我想处理一个文本文件(逐行)。一个(最初未知)数量的连续行属于同一个实体(即它们带有与行相同的标识符)。例如:

line1: stuff, stuff2, stuff3, ID1, stuff4, stuff5
line2: stuff, stuff2, stuff3, ID1, stuff4, stuff5    
line3: stuff, stuff2, stuff3, ID1, stuff4, stuff5
line4: stuff, stuff2, stuff3, ID2, stuff4, stuff5
line5: stuff, stuff2, stuff3, ID2, stuff4, stuff5
...

在这个虚拟行中,第 1-3 行属于实体 ID1,第 4-5 行属于 ID2。我想将这些行中的每一行作为字典读取,然后将它们嵌套到包含 IDX 的所有字典的字典中(例如,字典 ID1 分别具有 3 个嵌套字典的第 1-3 行)。

更具体地说,我想定义一个函数:

  1. 打开文件
  2. 将实体 ID1 的所有(但仅)行读取到单独的字典中
  3. 返回包含 ID1 行的嵌套字典的字典

我希望能够在稍后再次调用该函数,以读取以下标识符(ID2)和后来的 ID3 等所有行的下一个字典。我遇到的一个问题是我需要在每个line 我当前的线路是否仍然带有感兴趣的 ID 或已经是新的。如果它是新的,我当然可以停止并返回字典,但在下一轮(比如 ID2)中,ID2 的第一行已经被读取,因此我似乎丢失了那一行。

换句话说:一旦遇到具有新 ID 的行,我想以某种方式重置函数中的计数器,以便在下一次迭代中,具有新 ID 的第一行不会丢失。

这似乎是一项简单的任务,但我想不出一种优雅的方法。我目前在函数之间传递一些“内存”标志/变量,以跟踪新 ID 的第一行是否已在前一次迭代中读取。这是相当庞大且容易出错的。

感谢您阅读...任何想法/提示都将受到高度赞赏。如果有些地方不清楚,请询问。

这是我的“解决方案”。从某种意义上说,它似乎可以正确打印字典(尽管我确信有一种更优雅的方法可以做到这一点)。我还忘了提到文本文件非常大,因此我想按 ID 处理它,而不是将整个文件读入内存。

with open(infile, "r") as f:
    newIDLine = None
    for line in f:
        if not line:
            break
        # the following function returns the ID
        ID = get_ID_from_line(line)
        counter = 1
        ID_Dic = dict()
        # if first line is completely new (i.e. first line in infile)
        if newIDLine is None:
            currID = ID
            # the following function returns the line as a dic
            ID_Dic[counter] = process_line(line)
        # if first line of new ID was already read in
        # the previous "while" iteration (see below).
        if newIDLine is not None:
            # if the current "line" is of the same ID then the
            # previous one: put previous and current line in
            # the same dic and start the while loop.
            if ID == oldID:
                ID_Dic[counter] = process_line(newIDLine)
                counter += 1
                ID_Dic[counter] = process_line(line)
                currID = ID
        # iterate over the following lines until file end or
        # new ID starts.
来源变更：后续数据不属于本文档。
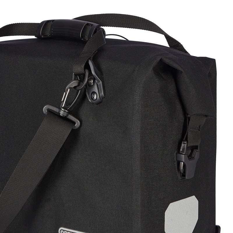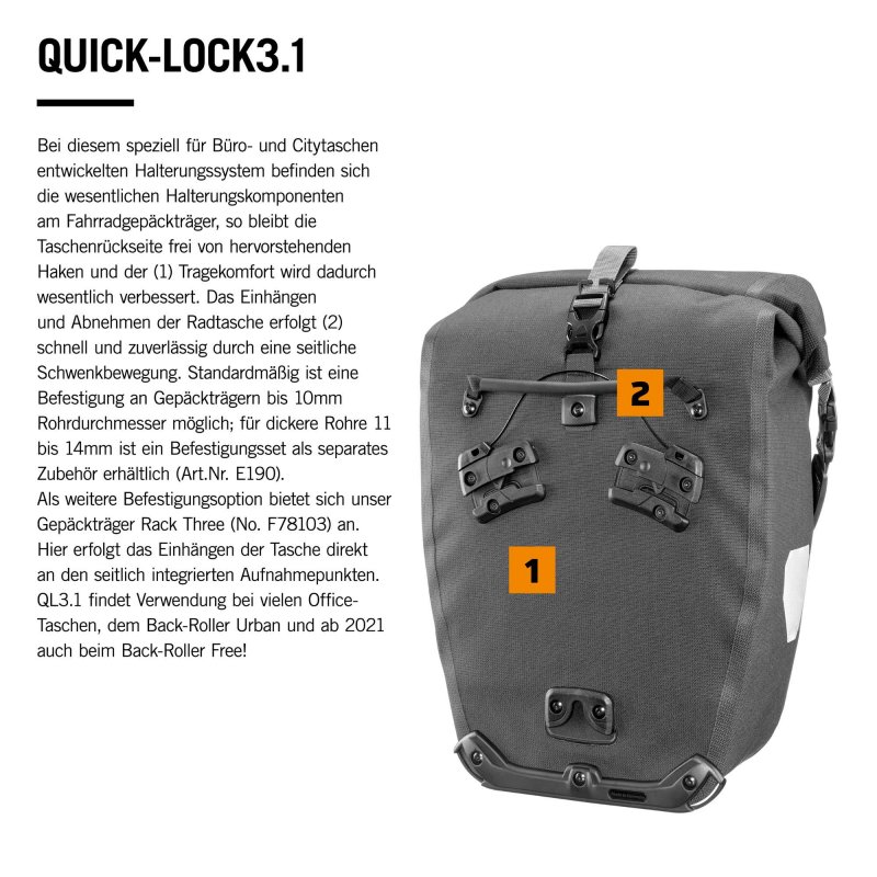 Noch komfortabler und schneller, sowohl beim Einhängen als auch beim Aushängen: Quick-Lock3.1 stellt eine weitere Entwicklungsstufe im System der Ortlieb-Befestigungssysteme dar. Die Tasche wird nur am unteren Aufnahmepunkt aufgesetzt und anschließend oben von links oder rechts in die Halterung eingeschwenkt und arretiert. Schon sitzt die Office-Bag QL3.1 sicher am Gepäckträger. Abnehmen ist ebenso kinderleicht: Am Griff ziehen, schwenken, fertig!

In the latter case: keep the info in
        # objects newIDline and oldID
        while True:
            newLine = next(f)
            if not newLine:
                break
            ID = get_ID_from_line(newLine)
            if ID == currID:
                counter += 1
                ID_Dic[counter] = process_line(newLine)
            # new ID; save line for the upcomming ID dic
            if not ID == currID:
                newIDLine = newLine
                oldID = ID
                break
    # at this point it would be great to return the Dictionary of
    # the current ID to the calling function but at return to this
    # function continue where I left off.
    print ID_Dic
4

2 回答 2

1

您可以使用字典来跟踪所有IDX列,只需将每一行的IDX列添加到字典中的适当列表中,例如:

from collections import defaultdict
import csv

all_lines_dict = defaultdict(list)

with open('your_file') as f:
  csv_reader = csv.reader(f)            
  for line_list in csv_reader:
    all_lines_dict[line_list[3]].append(line_list)

csv阅读器是python标准库的一部分,使阅读csv文件变得容易。它将每一行读取为其列的列表。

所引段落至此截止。